Miss Colson didn't want me taking junior high band. She just couldn't imagine that one summer of private lessons on any instrument, let alone tuba, would be sufficient to prepare me for the relative rigor of seventh grade band. It may have had something to do with the fact that I had foregone the elementary school orchestra experience: the one that was under her direction. It may have been that she was sincerely concerned for my welfare and future happiness. Or not. Whatever the case, my parents decided that I was a good enough risk, after years of private piano lessons, to give the largest member of the brass family a shot.
What prompted me to choose the tuba? Part of my fascination came from watching the sousaphone players in the high school pep band when I went to a football game with my older brother. They seemed to be the most amusing and the most amused. There was something about them, one in particular: he seemed alternatingly ridiculous and charismatic. I found that combination appealing. Then there was the fact that I was a legacy, of sorts. My father had "played" tuba when he was in high school. More to the point, he had carried the marching version, a sousaphone because it was necessary to have at least seven to spell out "BOULDER" on the bells of the instrument high overhead. He didn't remember much, but one of the other guys showed him that if the first and third valve was pressed at the same time you could get a "C." Or an "F." If you blew at the same time. My dad wasn't that committed.
I was. I took weekly lessons on my parents back patio over the summer from the high school's band director. I understood from him and just about anyone who knew that I was an odd case.
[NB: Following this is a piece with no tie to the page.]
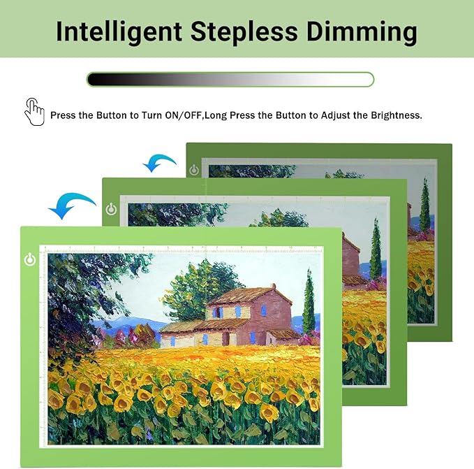 - 【ADJUSTABLE BRIGHTNESS】 The brightness of the tracing light box is adjustable for you to get the desired brightness by gently pressing the touch switch for several seconds.

Tuba was an instrument that most people eventually came to after mastering other instruments. I knew that I would be playing primarily rhythm. I would be the part of the "oompah" section. That didn't keep me from dreaming of lovely bass melodies.
I grew up listening to the second side of my family's copy of the soundtrack to "Hans Christian Andersen." Side one was music from the film and it was fine and all, but I preferred to listen to Danny Kaye tell the tale of Tubby The Tuba. It told the tale of a tuba that dared to carry a tune. Tubby learns a melody from a frog who is as lonely as he is, and then returns to share it with his orchestra. At first, all the other brass, woodwinds and strings laugh and sneer. Then they hear this beautiful little song, and they are all transported.
And so was I. I spent years sitting in the next to last row, just in front of the percussion, on the conductor's left. I played what was on the page and counted hours of rests waiting for my turn. As I continued to take private lessons and practice at home, I learned songs written expressly for the tuba. I remember my older brother loaning me his copy of Maynard Ferguson's "The Big F" because it had a real boss tuba part on "Night Train." I learned Roger Bobo's name and worshiped at his low brass altar. And still I waited for my big moment.
It never came. There were some challenging parts. I was first chair, and so it fell to me when the other part-time tuba players couldn't cut the big bass mustard, I played those arpeggios and runs while the others were content to lay out until the oompah came back. When I graduated from high school, I was done with the tuba. The great brass relic that I had kept in my parents' house for six years was stuffed up into the crawlspace. When a friend of mine was selling off her childhood flute, it occurred to me that there was probably some money to be made on this great circular mass of tubing. I made seventy-five dollars. The guy told me that it was dinged up enough that he doubted that he could get it back into playing shape. He said he imagined it might end up like a few others he had seen over the years: turned into a whimsical lamp. What a conversation piece.
Every now and then I think about the tuba I don't own anymore. It really was my instrument much more than the piano ever was, even though there was a time when I was certain I wanted to be Elton John. Can you imagine "Candle in the Wind" being played on a tuba? I can.